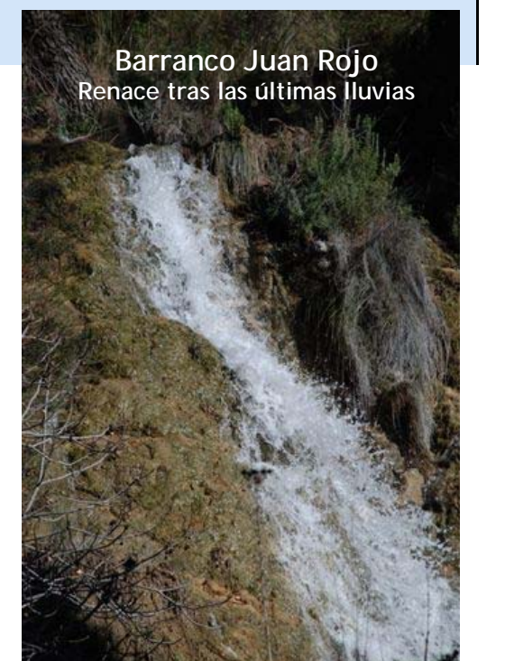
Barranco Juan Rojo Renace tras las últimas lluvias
--
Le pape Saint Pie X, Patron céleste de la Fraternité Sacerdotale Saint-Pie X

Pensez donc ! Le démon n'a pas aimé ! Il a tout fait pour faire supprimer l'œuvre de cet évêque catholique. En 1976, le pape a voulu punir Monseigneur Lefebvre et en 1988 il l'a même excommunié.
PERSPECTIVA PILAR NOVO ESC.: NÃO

**Your task**
Pull every line containing the word "pape" out of the listing.

**Result for this exercise**
Le pape Saint Pie X, Patron céleste de la Fraternité Sacerdotale Saint-Pie X
Pensez donc ! Le démon n'a pas aimé ! Il a tout fait pour faire supprimer l'œuvre de cet évêque catholique. En 1976, le pape a voulu punir Monseigneur Lefebvre et en 1988 il l'a même excommunié.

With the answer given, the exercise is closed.